Some of you may remember that over the last year or two I took on starting the process of updating the dining section for Fodor’s BA guide. It’s kind of a new arena for me – I had a loose connection with the territory back in the days when I was reviewing restaurants for Time Out BA, but I didn’t directly work on the guidebook, just the magazine – the guidebook is simply edited from things pulled from recent issues of the magazine, with some added exposition done by the editors. I have had the opportunity to respond to my own readers’ critiques of my critiques, here on the blog, but it’s generally been pretty civil. Only a couple of times has it gotten ugly – in one case I simply deleted all of the reader’s comments and e-mails, the other, or at least the part that occurred on the blog, is located here and I took the person on publicly. Recently I got a note from the editor who I had been working with at Fodor’s asking me for my thoughts on a reader’s e-mail:
“Your 2012 Argentina Guidebook lists the Rio Alba restaurant as the best parilla in Buenos Aires. It absolutely is not! We ordered the most expensive cuts of beef. The meat was cooked to death and tough as leather even though we ordered it medium rare. The side dishes we ordered were incredibly bland and above all the prices were ridiculous. This terrible meal cost us 351Ar$. We would have gotten a better meal at Sizzlers, which makes us question whether you ever even sampled this restaurant! We just tossed your guidebook in the trash.”
So, a couple of things here. First, this is one of the places I have/had yet to get to to re-review, which is one of the reasons the editor asked my thoughts, it had been a few years since my predecessor had visited it, and things do change. It’s one of the drawbacks of guidebooks – they can’t always be 100% up-to-date. Second, even though I’ve liked it on my past visits and gave it a decent write-up here, I doubt I ever would have put Rio Alba as the best parrilla in BA (and unfortunately, because the book has been updated numerous times by different writers, there are actually several in the city listed as the best – one of the things I let the editor know I want to address in an overhaul for the next publication), though at least for those places that I’ve tried, it’s easily the best in the Palermo Chico neighborhood, and I’ll stand by that pending trying somewhere better. Third, drama, drama, drama. The reaction is silly. No, stupid, inane, even asinine. I mean, one recommendation that you disagree in a guidebook that stretches to 328 pages and that invalidates the entire thing? But, I told the editor I’d drop in on the place sometime and just see if something had drastically changed since my last visit, which was about a year and a half ago.

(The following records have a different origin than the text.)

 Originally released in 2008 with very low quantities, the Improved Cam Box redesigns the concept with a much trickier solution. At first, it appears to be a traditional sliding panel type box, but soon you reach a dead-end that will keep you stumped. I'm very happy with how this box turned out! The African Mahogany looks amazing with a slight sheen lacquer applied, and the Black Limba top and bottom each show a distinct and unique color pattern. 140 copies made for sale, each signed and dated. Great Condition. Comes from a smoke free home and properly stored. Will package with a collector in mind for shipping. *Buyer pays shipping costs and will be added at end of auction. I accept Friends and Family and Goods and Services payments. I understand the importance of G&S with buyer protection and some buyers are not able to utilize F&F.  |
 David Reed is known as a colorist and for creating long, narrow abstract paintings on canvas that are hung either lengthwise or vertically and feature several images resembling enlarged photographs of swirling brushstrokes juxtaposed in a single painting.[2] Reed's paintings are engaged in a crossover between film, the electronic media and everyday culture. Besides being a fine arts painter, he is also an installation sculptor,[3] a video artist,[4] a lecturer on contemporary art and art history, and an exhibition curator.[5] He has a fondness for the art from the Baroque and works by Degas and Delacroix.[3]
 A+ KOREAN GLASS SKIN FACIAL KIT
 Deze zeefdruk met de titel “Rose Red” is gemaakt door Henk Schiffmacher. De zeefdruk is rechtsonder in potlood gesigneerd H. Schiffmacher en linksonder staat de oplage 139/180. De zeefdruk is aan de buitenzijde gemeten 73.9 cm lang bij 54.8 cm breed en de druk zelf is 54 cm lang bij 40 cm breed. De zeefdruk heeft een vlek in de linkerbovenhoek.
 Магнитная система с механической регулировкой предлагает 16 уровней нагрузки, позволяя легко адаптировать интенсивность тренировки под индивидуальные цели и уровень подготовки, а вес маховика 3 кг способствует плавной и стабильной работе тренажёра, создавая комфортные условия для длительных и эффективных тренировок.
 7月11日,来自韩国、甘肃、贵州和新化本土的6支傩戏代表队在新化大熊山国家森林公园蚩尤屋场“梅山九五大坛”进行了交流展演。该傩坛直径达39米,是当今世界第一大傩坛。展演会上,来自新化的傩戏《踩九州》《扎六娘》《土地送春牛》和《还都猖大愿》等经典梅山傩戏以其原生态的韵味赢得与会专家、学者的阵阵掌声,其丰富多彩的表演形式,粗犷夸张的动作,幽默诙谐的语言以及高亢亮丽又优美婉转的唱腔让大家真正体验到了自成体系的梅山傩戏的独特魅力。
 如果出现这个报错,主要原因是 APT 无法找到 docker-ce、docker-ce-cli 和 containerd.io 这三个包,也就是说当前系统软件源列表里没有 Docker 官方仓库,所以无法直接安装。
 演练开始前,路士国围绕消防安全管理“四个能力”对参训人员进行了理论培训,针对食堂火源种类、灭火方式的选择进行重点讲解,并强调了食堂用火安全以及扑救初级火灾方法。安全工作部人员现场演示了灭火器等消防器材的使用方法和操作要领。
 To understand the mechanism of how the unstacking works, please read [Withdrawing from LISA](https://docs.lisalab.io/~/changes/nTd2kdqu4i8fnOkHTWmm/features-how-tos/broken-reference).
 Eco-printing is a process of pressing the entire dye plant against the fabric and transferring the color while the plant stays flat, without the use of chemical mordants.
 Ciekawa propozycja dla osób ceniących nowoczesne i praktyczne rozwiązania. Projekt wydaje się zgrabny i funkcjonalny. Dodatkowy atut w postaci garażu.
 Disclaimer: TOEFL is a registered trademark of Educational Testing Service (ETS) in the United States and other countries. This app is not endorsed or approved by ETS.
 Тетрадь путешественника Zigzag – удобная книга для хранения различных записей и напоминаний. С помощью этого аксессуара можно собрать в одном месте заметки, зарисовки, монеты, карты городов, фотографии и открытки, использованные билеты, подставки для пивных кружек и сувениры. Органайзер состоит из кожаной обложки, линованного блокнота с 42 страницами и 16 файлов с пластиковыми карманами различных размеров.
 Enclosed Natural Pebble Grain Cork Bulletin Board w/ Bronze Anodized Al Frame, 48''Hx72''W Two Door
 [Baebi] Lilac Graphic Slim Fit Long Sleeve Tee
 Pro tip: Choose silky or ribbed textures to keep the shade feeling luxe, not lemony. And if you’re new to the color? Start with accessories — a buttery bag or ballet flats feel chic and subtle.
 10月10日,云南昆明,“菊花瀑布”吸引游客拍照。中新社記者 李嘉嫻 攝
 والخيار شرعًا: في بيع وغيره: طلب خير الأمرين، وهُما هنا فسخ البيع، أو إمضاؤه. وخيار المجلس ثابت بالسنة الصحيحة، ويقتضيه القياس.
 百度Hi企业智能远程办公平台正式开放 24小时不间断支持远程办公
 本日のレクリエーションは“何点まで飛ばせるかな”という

Service was efficient, friendly, everything you’d want it to be. The place still has that old-timey staid air, but so what, it’s a classic steakhouse. Oh and a nice discount for cash payment, if you ask. Here was my response back to the editor:
“Just had lunch at Rio Alba with a couple of friends. It was as good as always. I’d still never say it was the best parrilla in BA, but it’s quite good and probably the best in the Palermo Chico area. We ordered meals for three, with side dishes, each steak came out cooked perfectly the way requested, all were properly seasoned, huge portions, more than we could eat, and the whole thing, tip included, ran us 160 pesos apiece, or basically us$32 at official exchange rate and us$22 at the unofficial rate. A bargain and other than maybe removing the line claiming it’s the best in BA (you could just change BA to Palermo Chico) I think the review is dead-on.”
So in the end, I stand-by the past reviewer’s recommendation, if not quite as glowingly. While it’s possible that the complainer, “PCL”, hit them on an off-night or just simply got a bad couple of steaks, I actually just don’t believe him – no doubt something happened that just wasn’t perfection, but the rest is likely all exaggeration and drama.